Exercise Resistance Bands

Swimming Resistance Band Exercises

Best Resistance Band Workouts For Swimmers.

Swimming is a sport that requires you to have the right amount of strength on the upper part of your body, specifically your arms and shoulders.

Shoulders being an integral part, they are prone to getting injuries. The injury is commonly known as swimmers’ shoulder.

Resistance bands are a great and effective way to help swimmers regain back their strength through unique workouts. 

The exercise will also help your back and arms while you don’t use a lot of effort.

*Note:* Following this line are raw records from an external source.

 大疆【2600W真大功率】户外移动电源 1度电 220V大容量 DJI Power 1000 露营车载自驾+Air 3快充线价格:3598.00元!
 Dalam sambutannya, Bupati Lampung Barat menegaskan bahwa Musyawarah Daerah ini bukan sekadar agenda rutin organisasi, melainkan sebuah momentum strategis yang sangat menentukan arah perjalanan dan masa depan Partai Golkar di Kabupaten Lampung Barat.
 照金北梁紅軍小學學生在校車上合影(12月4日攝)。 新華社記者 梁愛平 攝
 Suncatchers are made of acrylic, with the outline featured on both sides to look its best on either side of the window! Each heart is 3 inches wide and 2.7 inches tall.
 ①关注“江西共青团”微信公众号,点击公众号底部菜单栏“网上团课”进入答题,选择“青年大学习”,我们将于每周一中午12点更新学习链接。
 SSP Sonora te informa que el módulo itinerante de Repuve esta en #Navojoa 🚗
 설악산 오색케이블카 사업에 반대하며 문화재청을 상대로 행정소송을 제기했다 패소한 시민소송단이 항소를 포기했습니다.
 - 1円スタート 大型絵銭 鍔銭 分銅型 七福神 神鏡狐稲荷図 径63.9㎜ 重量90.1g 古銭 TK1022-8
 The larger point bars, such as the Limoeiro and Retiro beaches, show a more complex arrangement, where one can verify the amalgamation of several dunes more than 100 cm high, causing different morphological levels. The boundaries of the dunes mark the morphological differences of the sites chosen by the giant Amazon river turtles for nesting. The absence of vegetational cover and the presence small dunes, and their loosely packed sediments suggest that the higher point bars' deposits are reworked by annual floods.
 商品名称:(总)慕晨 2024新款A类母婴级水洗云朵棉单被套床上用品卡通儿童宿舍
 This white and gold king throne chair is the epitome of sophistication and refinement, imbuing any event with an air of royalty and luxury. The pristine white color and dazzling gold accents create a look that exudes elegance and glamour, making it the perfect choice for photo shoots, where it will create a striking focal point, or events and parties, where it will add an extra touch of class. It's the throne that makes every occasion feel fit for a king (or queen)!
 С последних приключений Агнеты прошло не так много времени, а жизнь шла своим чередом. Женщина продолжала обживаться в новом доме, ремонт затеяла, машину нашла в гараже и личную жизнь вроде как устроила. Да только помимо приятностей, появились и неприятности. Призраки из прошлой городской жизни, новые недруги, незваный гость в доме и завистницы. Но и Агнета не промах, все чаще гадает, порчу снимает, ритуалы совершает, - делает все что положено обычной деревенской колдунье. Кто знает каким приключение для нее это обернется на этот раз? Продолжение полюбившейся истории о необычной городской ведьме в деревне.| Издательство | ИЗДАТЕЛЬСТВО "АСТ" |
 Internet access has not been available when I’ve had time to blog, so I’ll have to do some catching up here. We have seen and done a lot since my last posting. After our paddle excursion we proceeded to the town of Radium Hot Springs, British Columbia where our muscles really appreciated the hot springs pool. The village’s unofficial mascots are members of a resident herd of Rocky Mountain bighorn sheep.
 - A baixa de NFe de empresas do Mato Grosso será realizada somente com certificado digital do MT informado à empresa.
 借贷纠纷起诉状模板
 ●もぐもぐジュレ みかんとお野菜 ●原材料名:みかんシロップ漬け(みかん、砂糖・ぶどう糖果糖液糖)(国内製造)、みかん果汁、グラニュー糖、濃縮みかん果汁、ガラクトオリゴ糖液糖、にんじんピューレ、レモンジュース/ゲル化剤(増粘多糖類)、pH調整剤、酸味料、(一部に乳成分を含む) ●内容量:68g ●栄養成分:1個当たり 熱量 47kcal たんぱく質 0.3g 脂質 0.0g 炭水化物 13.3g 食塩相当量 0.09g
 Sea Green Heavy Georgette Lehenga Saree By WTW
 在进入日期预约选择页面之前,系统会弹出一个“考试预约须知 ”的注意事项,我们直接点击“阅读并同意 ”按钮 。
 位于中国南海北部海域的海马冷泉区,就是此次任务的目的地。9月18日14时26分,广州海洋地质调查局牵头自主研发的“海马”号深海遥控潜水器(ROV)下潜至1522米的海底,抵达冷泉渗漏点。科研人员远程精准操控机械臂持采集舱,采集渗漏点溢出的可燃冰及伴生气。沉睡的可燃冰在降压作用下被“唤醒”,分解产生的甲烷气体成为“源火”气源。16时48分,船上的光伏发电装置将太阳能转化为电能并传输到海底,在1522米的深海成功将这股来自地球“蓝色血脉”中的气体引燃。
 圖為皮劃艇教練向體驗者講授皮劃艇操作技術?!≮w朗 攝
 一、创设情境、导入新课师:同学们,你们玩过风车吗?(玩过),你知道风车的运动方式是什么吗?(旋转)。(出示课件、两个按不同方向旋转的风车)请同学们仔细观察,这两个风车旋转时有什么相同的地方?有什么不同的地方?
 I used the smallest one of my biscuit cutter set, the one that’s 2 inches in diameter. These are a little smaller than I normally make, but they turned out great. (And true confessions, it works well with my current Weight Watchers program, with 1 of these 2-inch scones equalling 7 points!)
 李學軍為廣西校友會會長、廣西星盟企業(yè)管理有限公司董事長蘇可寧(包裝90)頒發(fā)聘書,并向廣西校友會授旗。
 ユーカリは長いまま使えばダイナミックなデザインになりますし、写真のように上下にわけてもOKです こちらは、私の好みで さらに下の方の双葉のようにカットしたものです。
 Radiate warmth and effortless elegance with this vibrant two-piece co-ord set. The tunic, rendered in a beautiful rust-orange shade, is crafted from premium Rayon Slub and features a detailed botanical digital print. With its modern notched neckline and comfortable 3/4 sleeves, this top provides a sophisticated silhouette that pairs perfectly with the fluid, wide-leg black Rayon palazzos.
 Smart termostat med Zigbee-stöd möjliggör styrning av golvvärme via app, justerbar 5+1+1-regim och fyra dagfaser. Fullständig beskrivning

Below is a compilation of the top three workouts you can adopt as a swimmer.

RECOMMENDED BAND SETS FOR SWIMMERS:

Tomshoo Band Sets

 

Flaps Stretch.

The main target for this type of workout is the lateral and deltoid muscles since they are mostly overused during swimming sessions. 

Hold both ends of the exercise band using both hands simultaneously. Ensure the grip is firm for an easy process. 

Stretch out your hands above your head while you lock your elbows. Maintain your arms in a straight position and slightly pull downward away from your shoulders. 

To achieve the best results, you should feel like a bird flapping its wings.

Dynamic Hug.

Form small loops on both ends of the resistance band and firmly grip them using both hands. Slowly bend your elbows to achieve a 45 degrees angle. 

Ensure your shoulders are slightly in a higher position. Push your arms forward and inward as if you are hugging someone. 

While you perform the movements, ensure your arms are in a stable, raised position. Continue with the actions for almost ten times, then take five seconds to break.

Curls.

The main focus of curls is the biceps. Biceps help you to stroke water with minimal effort. In a standing position, pin one end of the resistance band firmly using your right foot. 

Hold the other end using your right hand and ensure the grip is firm as well. Position your arm in a resting posture near you while your palms face outward. 

Slightly bend your elbow and pull the resistance band in the direction of your shoulder. Move back your arm gently to your side. 

At this point, you will be completing your workout. Slowly go back to the starting position and take a break. Shift the resistance band to the left hand and repeat the procedure.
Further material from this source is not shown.